So says the CEO for Tivo, according to a recent article in San Francisco Chronicle. The data in question is whether subscribers are skipping commercials. This is a classic case of having to place blind faith in hardware, or at least in the marketing proclamations of the vendor. The TiVo device sitting in the consumer’s living room certainly has visibility into what is being watched and how often the commercial skip feature is used to avoid going postal over that lame beer commercial again. But what is not clear is whether this information is shipped off the box to headquarters, for data mining purposes and if it is, to what extent it is sanitized to strip identifying information about the original user.

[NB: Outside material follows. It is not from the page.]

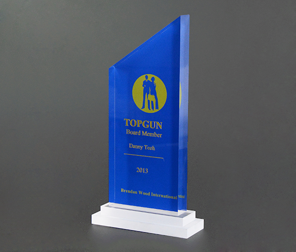 這款亞克力獎杯采用磨砂亞克力和透明亞克力兩種亞克力通過切割、雕刻、填色、粘接、絲印等工藝制作而成。中間的字采用雕刻填金色來制作更顯質(zhì)感和高檔。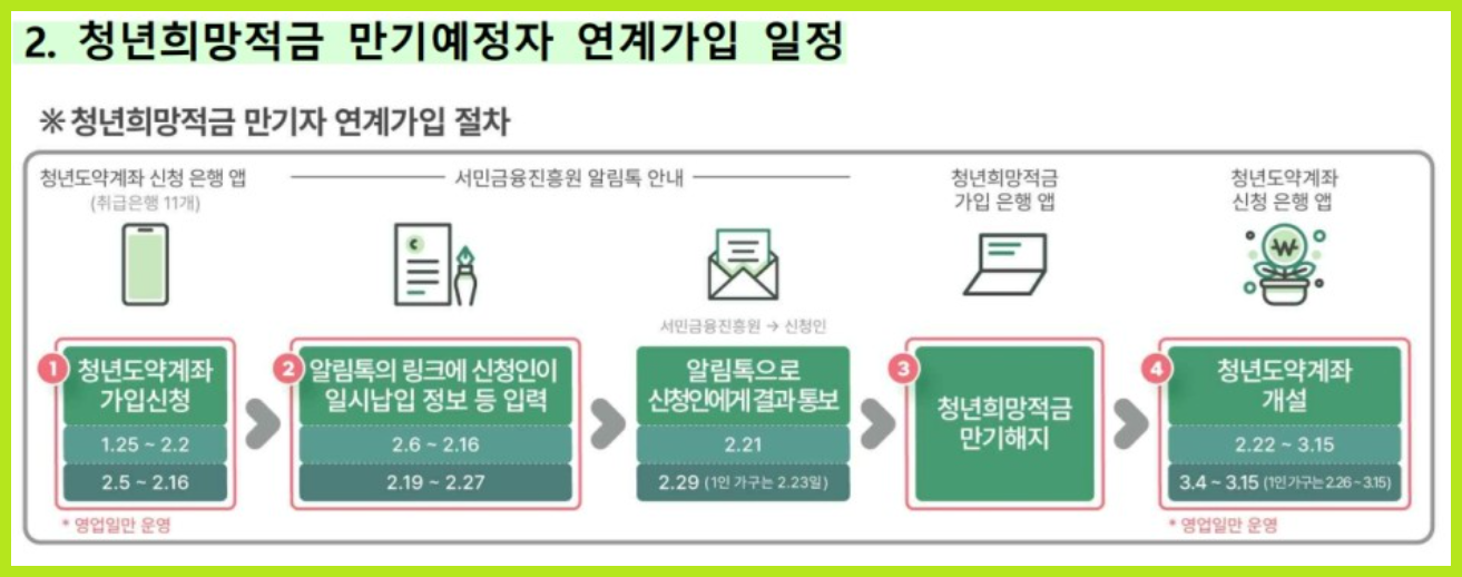 1. 청년희망적금 만기 후 1월 25일부터 2월 16일까지 은행 앱을 통해 청년도약계좌 연계를 신청해야 환승이 가능합니다.

Problem is only Tivo engineers can know for sure– and even they may not have it right. One person’s “anonymized data-set” is another’s treasure find of personal data waiting to be correlated against just the right database to reveal the identity behind each record. For everyone else Tivo is a blackbox. The only sources of information are:

  • Vendor claims, to the extent they are complete and accurate
  • Third-party claims, such as privacy advocates assuming they have better sources of information
  • Information gathered by reverse engineering the device. This is costly and returns on investment can be low. Often vendors intentionally obfuscate their protocol in order to protect their intellectual property. (Conspiracy theorists would argue obfsucation only serves to hide nefarious purpose.)

Tivo is neither unique or particularly significant. The question of whether a device owned by the user is acting against their interests comes up all the time. A deceptive short-cut is that open source software is better because anybody can verify it is working as intended. MythTV instead of Tivo? True– in the trivial sense that, if you went over every line of code and built it from scratch yourself. (Otherwise you are at the mercy of the authors, download sites etc.) That approach does not scale and better trust mechanisms are called for. Marketplace reputation of an established company in principle serves as a check: too many eggregious data collection practices equates to lost revenue. But such dynamics can only operate when there is transparency and competition: when users know exactly how 2 different PVR vendors use their data, and factor this into their purchasing decision. We are far from that level of awareness.